1

I'm planning to store gigantic arrays into serialized files and read from them in order to display data within them. The idea is to have a simple, document-oriented, filesystem database. Can anyone tell me if this would be a performance issue? Is it going to be slow or very fast?

Is it worth, filesystem is always really faster?

NikiC
  • 100,734
  • 37
  • 191
  • 225
Jamie
  • 11
  • 1
  • 1
    More information is needed. The filesystem is not always (or most of the time even) faster than using an SQL or NoSQL db. It all depends on your usecase. So if you can figure out what your exact usage requirements are, you can figure out which is right... – ircmaxell Oct 27 '10 at 16:39
  • 3
    Define "gigantic"! thousands of entries, tens of thousands, millions, bigger? multidimensional arrays? Serialization/deserialization is slow when working with large arrays, so being able to read a section of an array is probably better. – Mark Baker Oct 27 '10 at 16:41
  • 2
    possible duplicate of [What are some good, fast persistant storage options for key->value data?](http://stackoverflow.com/questions/3972362/what-are-some-good-fast-persistant-storage-options-for-key-value-data) – Gordon Oct 27 '10 at 16:43
  • I'd be more inclined to do a `var_export` (less overhead in loading then `unserialize`). – Wrikken Oct 27 '10 at 16:48
  • 1
    What does "gigantic" mean to you? 1 MB, 1 GB, 1 TB? How many files are you going to have? Thousands? Millions? All the folks telling you to use a real database or a key-value store are probably right, but the details matter when you get to extremes. – xscott Oct 27 '10 at 16:50
  • I'm thinking about, MAX, 5,000 entries. – Jamie Oct 27 '10 at 19:37

4 Answers4

3

It will be very slow. Serializing and unserializing always requires reading and processing the whole array, even if you need only a small part.

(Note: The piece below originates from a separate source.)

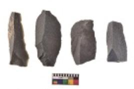 | Description / विवरण | There are n 4 utilized flake cores. There are multi directional irregular scar pattern on both dorsal and ventral face of the flake cores. All of them are tapering at one end. |
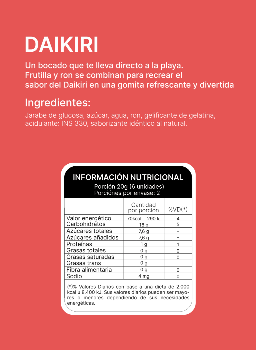 Caja de 12 unidades de 40 gramos de gomitas sabor Daikiri. Un bocado y ya estás en la playa con un daikiri en la mano. La dulzura de la frutilla se une a la frescura del ron para recrear ese trago que amas. Ideal para los que buscan una experiencia divertida y refrescante en cada gomita. ¡El verano está a un mordisco de distancia!

Thus you are better of with using a database (like MySQL). Or if you need to only access key/value use APC/memcached.

NikiC
  • 100,734
  • 37
  • 191
  • 225
  • But that's not how a filesystem database works... It uses directories and files to organize the data instead of an array or other complex data structure. So there's no serialization/deserialization needed (well, above what you would need for MySQL/etc anyway)... I'm not arguing that it's right to implement, but for some use cases (LARGE amounts of sparse data, needing access from shell scripts, etc) it **may** make sense (now, these are few and far between). But it's by no means "very slow"... – ircmaxell Oct 27 '10 at 16:47
  • @ircmaxell: Well the OP talks about serializing large arrays to the filesystem. That certainly doesn't make sense. He doesn't say anything about directories and files. – NikiC Oct 27 '10 at 16:50
  • whoops. I must have skipped right over that... I still think the comment is valid (aside from that one line) otherwise. But I agree, there's no reason to store complex data structures in a serialized file yourself unless you're lazy... – ircmaxell Oct 27 '10 at 16:53
3

You'll be much better off using a "proper" database - it's what they're designed for. If your data is really in a document-oriented format, consider CouchDB.

Craig A Rodway
  • 675
  • 3
  • 7
  • Unfortunately, i don't want to install anything. I need something that runs just with PHP. Simple and fast. – Jamie Oct 27 '10 at 16:48
  • The PHP-only solution may be simple. But fast entirely depends on your dataset, operating system, filesystem, and disk architecture. – Craig A Rodway Oct 27 '10 at 16:50
0

I think you could implement this without many performance issues, just so long as your arrays don't take forever to (un)serialize and you are able to lookup your files efficiently. How do you plan on looking up which file to read, btw?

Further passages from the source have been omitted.